Trends relative to processing power and time

Performance/accuracy returns to processing power seem to differ based on problem domain.

In image recognition, we see sublinear returns to linear improvements in processing power, and gains leveling off over time as computers reach and surpass human-level performance. This may mean simply that image recognition is a nearly-solved problem.

In NLP, we see roughly linear improvements over time, and in machine translation, it’s unclear if we see any trends in improvements over time, both of which suggest sublinear returns to processing power, but this is not very confident.

In games, we see roughly linear returns to linear improvements in processing power, which means exponential improvements in performance over time (because of Moore’s law and increasing investment in AI).

This would suggest that far-superhuman abilities are more likely to be possible in game-like problem domains.

What does this imply about deep learning?

What we’re seeing here is that deep learning algorithms can provide improvements in narrow AI across many types of problem domains.

Deep learning provides discontinuous jumps relative to previous machine learning or AI performance trendlines in image recognition and speech recognition; it doesn’t in strategy games or natural language processing, and machine translation and arcade games are ambiguous (machine translation because metrics differ; arcade games because there is no pre-deep-learning comparison.)

A speculative thought: perhaps deep learning is best for problem domains oriented around sensory data? Images or sound, rather than symbols. If current neural net architectures, like convolutional nets, mimic the structure of the sensory cortex of the brain, which I think they do, one would expect this result.

Arcade games would be more analogous to the motor cortex, and perceptual control theory suggests that something similar to Q-learning may be going on in motor learning, though I’d have to learn more to be confident in that.  If mammalian motor learning turns out to look like Q-learning, I’d expect deep reinforcement learning to be especially good in arcade games and robotics, just as deep neural networks are especially good in visual and audio classification.

Deep learning hasn’t really proven itself better than trendline in strategy games (Go and chess) or in natural language tasks.

I might wonder if there are things humans can do with concepts and symbols and principles, the traditional tools of the “higher intellect”, the skills that show up on highly g-loaded tasks, that deep learning cannot do with current algorithms. Obviously hard-coding rules into an AI has grave limitations (the failure of such hard-coded systems was what caused several of the AI winters), but there may also be limitations to non-conceptual pattern recognition.  The continued difficulty of automating language-based tasks may be related to this issue.

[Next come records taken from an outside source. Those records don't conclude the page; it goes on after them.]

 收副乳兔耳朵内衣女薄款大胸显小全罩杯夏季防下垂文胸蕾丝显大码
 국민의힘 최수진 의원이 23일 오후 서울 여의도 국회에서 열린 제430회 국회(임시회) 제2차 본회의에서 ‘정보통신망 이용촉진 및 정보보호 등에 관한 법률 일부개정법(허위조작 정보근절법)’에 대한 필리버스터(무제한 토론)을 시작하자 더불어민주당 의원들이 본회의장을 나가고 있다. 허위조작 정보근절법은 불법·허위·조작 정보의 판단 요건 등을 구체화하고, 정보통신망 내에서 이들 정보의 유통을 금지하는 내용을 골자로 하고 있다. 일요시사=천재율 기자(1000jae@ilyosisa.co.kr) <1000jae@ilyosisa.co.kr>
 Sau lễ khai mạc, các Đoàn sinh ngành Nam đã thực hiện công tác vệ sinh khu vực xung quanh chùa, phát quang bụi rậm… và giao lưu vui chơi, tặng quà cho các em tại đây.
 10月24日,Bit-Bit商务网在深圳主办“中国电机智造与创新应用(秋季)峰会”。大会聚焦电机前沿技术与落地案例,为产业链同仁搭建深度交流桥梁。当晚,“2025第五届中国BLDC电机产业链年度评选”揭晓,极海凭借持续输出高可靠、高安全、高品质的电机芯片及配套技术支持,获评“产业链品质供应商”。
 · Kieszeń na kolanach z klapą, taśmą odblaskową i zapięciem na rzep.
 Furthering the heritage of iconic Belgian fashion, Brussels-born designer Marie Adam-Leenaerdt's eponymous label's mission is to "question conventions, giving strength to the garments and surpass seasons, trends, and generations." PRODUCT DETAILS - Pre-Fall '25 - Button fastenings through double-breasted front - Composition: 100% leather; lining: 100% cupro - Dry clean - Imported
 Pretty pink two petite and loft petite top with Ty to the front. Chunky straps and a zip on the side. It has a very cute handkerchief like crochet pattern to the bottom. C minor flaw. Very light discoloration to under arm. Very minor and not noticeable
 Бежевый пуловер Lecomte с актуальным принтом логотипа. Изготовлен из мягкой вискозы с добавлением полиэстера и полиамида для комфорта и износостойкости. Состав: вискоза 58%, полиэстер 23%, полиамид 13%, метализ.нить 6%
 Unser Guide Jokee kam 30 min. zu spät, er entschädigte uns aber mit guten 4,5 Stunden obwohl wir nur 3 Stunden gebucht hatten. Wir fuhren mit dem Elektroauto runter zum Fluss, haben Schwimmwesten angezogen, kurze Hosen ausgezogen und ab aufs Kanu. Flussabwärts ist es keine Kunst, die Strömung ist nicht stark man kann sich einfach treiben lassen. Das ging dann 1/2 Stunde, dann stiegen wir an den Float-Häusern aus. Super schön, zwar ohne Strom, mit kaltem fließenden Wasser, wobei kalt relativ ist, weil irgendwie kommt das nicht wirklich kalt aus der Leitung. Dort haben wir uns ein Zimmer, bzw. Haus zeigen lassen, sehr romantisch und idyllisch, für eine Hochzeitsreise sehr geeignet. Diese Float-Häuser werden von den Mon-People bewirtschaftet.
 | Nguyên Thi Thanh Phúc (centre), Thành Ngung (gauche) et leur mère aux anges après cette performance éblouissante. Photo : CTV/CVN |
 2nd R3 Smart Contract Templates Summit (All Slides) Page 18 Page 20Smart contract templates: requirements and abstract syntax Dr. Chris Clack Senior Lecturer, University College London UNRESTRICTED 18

Miles Brundage points out,

Progress so far has largely been toward demonstrating general approaches for building narrow systems rather than general approaches for building general systems. Progress toward the former does not entail substantial progress toward the latter. The latter, which requires transfer learning among other elements, has yet to have its Atari/AlphaGo moment, but is an important area to keep an eye on going forward, and may be especially relevant for economic/safety purposes.

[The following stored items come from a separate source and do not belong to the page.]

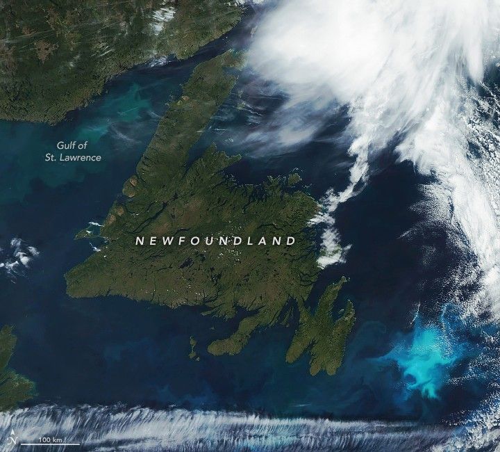 The Moderate Resolution Imaging Spectroradiometer (MODIS) on NASA’s Aqua satellite acquired these natural-color images of Newfoundland and surrounding waters on September 1 and 19, 2019. The brightest bloom appears southeast of the island, but fainter milky streaks are visible on nearly all sides. (The bloom was still visible through cloudy skies on September 22.) Note, too, the changing color of vegetation on land and the changing Sun angle as autumn set in.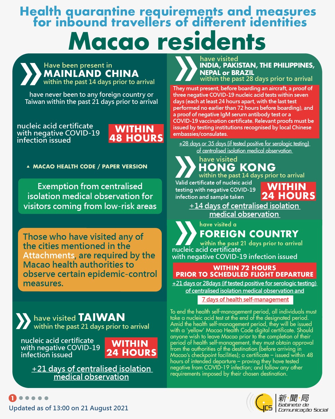 [infographic] 21 August 2021 health quarantine requirements and measures for inbound travellers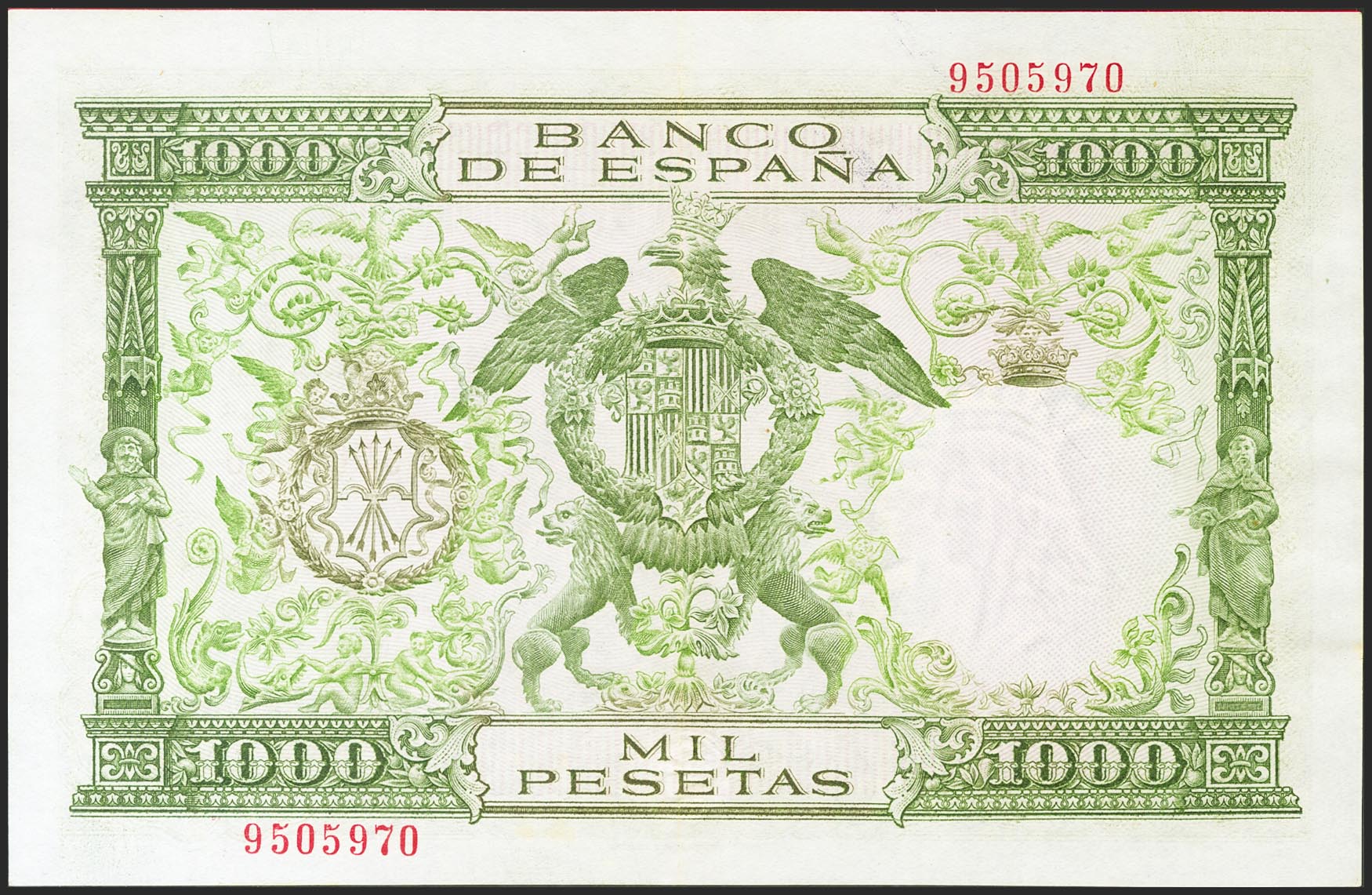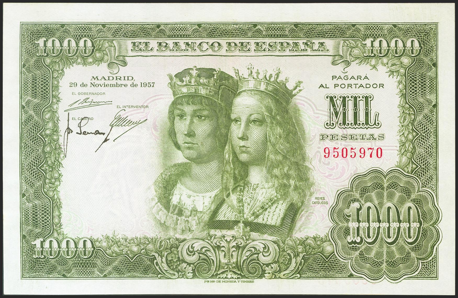 1000 Pesetas. November 29, 1957. No series. (Edifil 2021: 469). Unusual, it retains much of its original finish. Extremely Fine.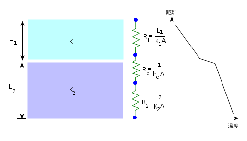 當需要完整描述兩傳導介質介面的熱傳遞時,電流及熱流的類比就變得很有用。基於機械加工的限制,當兩實體表面接觸時,無法構成完美接觸。因為兩接觸面並非完全光滑,所以兩者間總會有些微的間隙。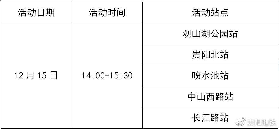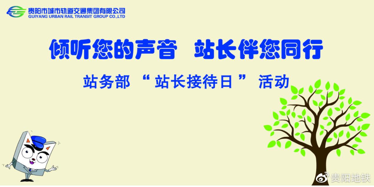 为进一步了解地铁日常运营中存在的问题,关注市民的实际出行需求,贵阳地铁将于12月15日(本周日)在1号线的五个站点开展以“倾听您的声音,站长伴您同行”为主题的站长接待日活动。届时,欢迎乘客来到车站向站长们提出对贵阳地铁的宝贵意见,同时在搭乘地铁过程中如有疑问与不解,站长们将现场为乘客答疑解惑。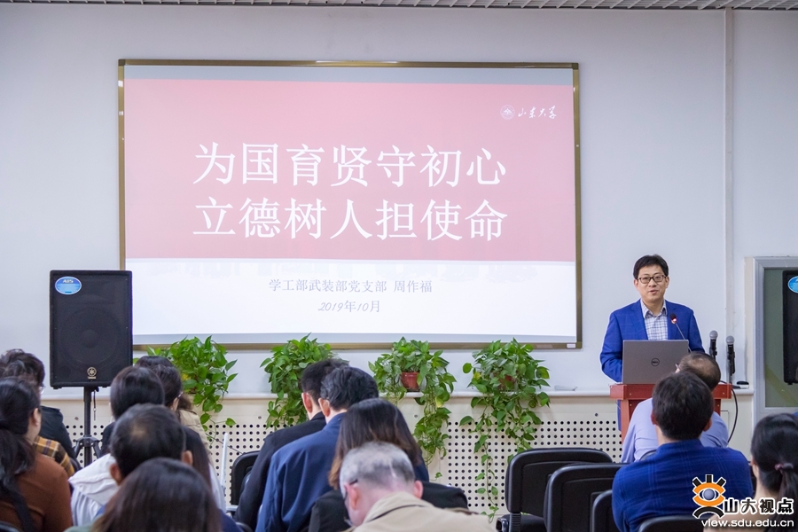 周作福介绍了“不忘初心、牢记使命”主题教育的开展背景、意义和开展情况。他结合自身近期学习研讨和调查研究情况,分享了学习体会。一是正确把握中国共产党人的初心使命,理论与实践相结合,用好马克思主义这一中国共产党人初心和使命的源头活水,将初心和使命一以贯之地体现在党的全部奋斗中,深刻领会“守初心”和“担使命”的真正内涵。二是深刻理解立德树人是新时代高等教育和学生工作的初心使命,传承和弘扬好山东大学“为国育贤”的办学初心,秉承好“为天下储人才 为国家图富强”的办学宗旨,切实回答好“高校培养什么样的人、如何培养人以及为谁培养人”,切实担负起“强校兴国”的重大使命。从党的教育方针,从总书记的关于教育的系列重要论述中去把握“立德树人”的正确含义。

I agree.  General AI systems, as far as I know, do not exist today, and the million-dollar question is whether they can be built with algorithms similar to those used today, or if there are further fundamental algorithmic advances that have yet to be discovered. So far, I think there is no empirical evidence from the world of deep learning to indicate that today’s deep learning algorithms are headed for general AI in the near future.  Discontinuous performance jumps in image recognition and speech recognition with the advent of deep learning are the most suggestive evidence, but it’s not clear whether those are above and beyond returns to processing power. And so far I couldn’t find any estimates of trends in cross-domain generalization ability.  Whether deep learning algorithms can be general-purpose is perhaps a more theoretical question; what we can say is that recent AI progress doesn’t offer any reason to suspect that they already are.